I was thinking we could use a Treemap or something similar for this? where each component is a section that is scaled by total number of elements, or something. If we do this using d3 then we could include the functionality for the user to order components by, say, number of bubbles, number of edges, etc.

fedarko commented 7 years ago

Now that we're officially using d3.js (due to #232), displaying a treemap shouldn't be that difficult. (An example of this functionality is given here.)

Once we have treemap display functionality ready, selecting a connected component in the treemap would just draw that particular connected component (I guess we could do standard mode by default, although modifying it to draw SPQR mode connected components instead would also be doable).

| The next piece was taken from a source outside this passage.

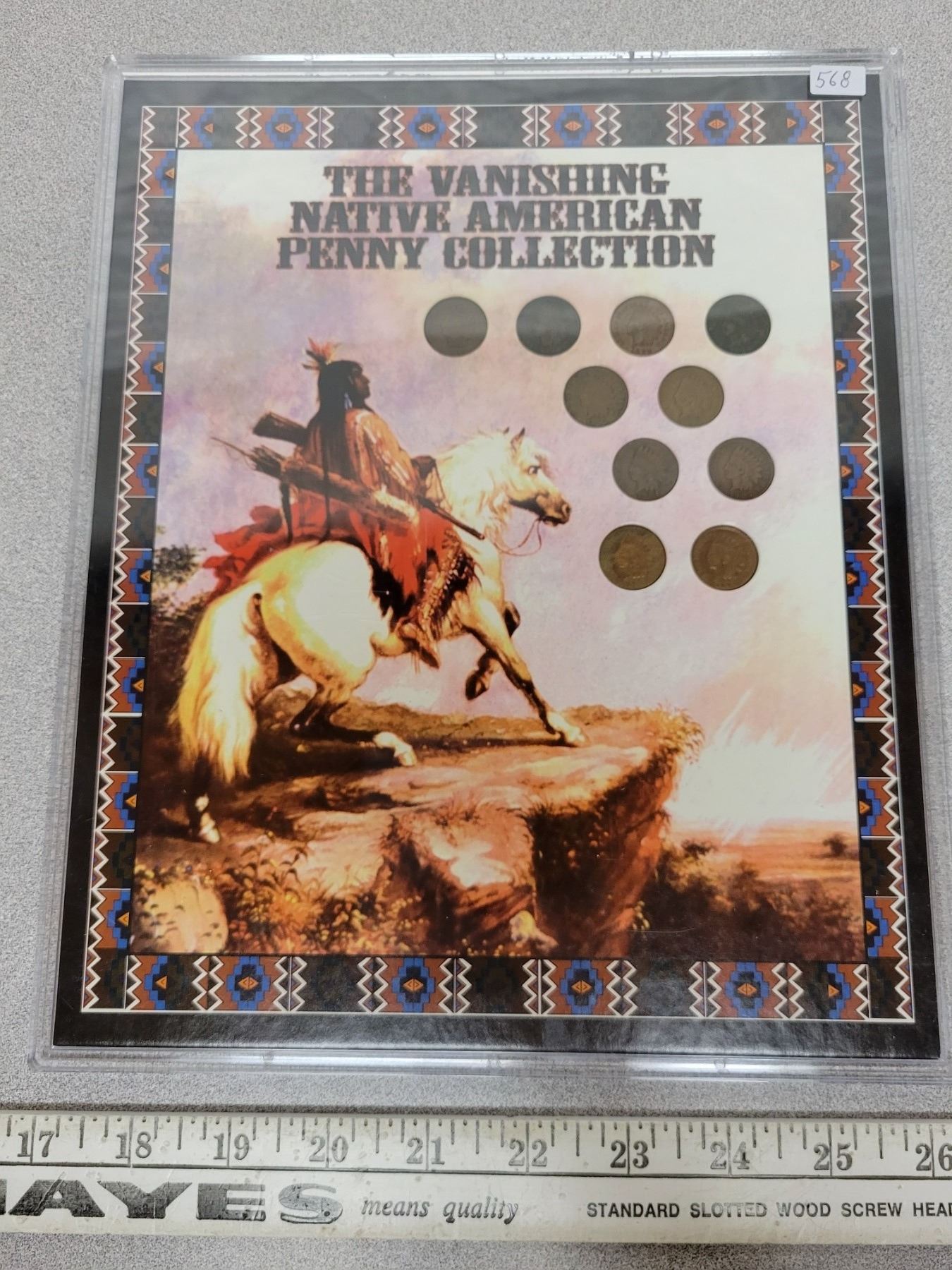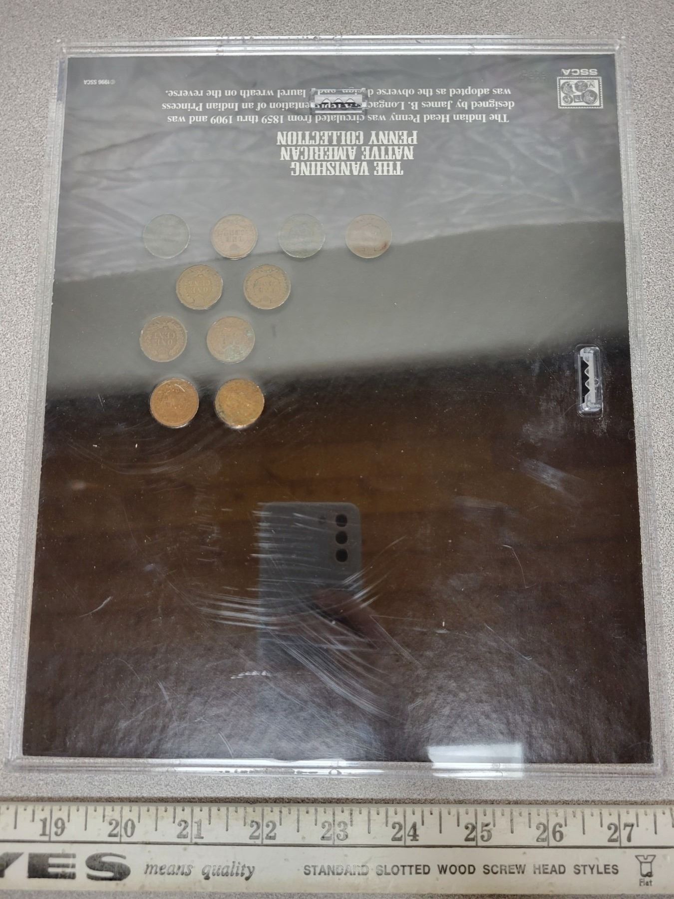The Vanishing Native American Penny Collection. Includes 10 different Indian Head Cents including 1888, 1898, 1899, 1900, 1901, 1903, 1904, 1905, 1906 & 1907. Housed in a hard plastic holder.
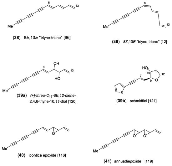 The C13-acetylene “triyne-triene” (38) is characterized by a fully conjugated system derived from a triyne-diene-diol intermediate (Scheme 3). It was initially isolated from the roots of Achillea ptarmica L., and its characteristic UV spectrum was detected in many species of the tribe Anthemideae [96]. In the genus Artemisia, compound (38) was frequently reported for the “Vulgares” [13] and especially characterized species of the “Abrotana” group. As already pointed out for centaur X3 (16), the central (E)-configurated double bond, conjugated with three triple bonds, easily isomerizes to the (Z)-isomer (39) [12]. The widespread oxidation product (40) was detected in different genera of the Anthemideae and represents the first naturally occurring polyacetylene-epoxide. It was first isolated from the underground parts of A. pontica L. and named pontica epoxide (PE) [116]. From the aerial parts of A. annua L., pontica epoxide (40) was also isolated as a major component along with a highly unstable diepoxide, named annuadiepoxide (41) [119]. In addition, the aerial parts were shown to contain the corresponding diol (39a) [120]. The inclusion of sulfur and demethylation lead to the C12-thiophene schmidtiol (39b), isolated as a minor component from the aerial parts of A. schmidtiana Maxim. Biogenetically, it is probably derived from a corresponding 12-hydroxy-9,10-epoxide precursor [121] (Figure 6).

Another cool thing here is that we could let the user choose what attributes to use for the "size" of each connected component's corresponding rectangle in the treemap: I'd imagine the default would just be number of contigs (analogous to how the current ordering of connected components by "size" works), but we could also provide number of edges, number of bubbles, etc. as various attributes that would set connected components' size in the treemap.

For the sizing stuff, we could even go nuts with this and let the user design their own metric composed of these attributes (e.g. ccSize = sum(node count, 0.5 * edge count, 2 * bubble count, cyclic chain count) or something like that), in which certain attributes can be weighted more or less. However, just drawing a simple treemap based on node size would definitely be a good starting point here.

fedarko commented 7 years ago

An idea: selecting a cc in the treemap opens up a "component info" dialog or control panel section, and the user can then choose whether or not to draw the cc in question.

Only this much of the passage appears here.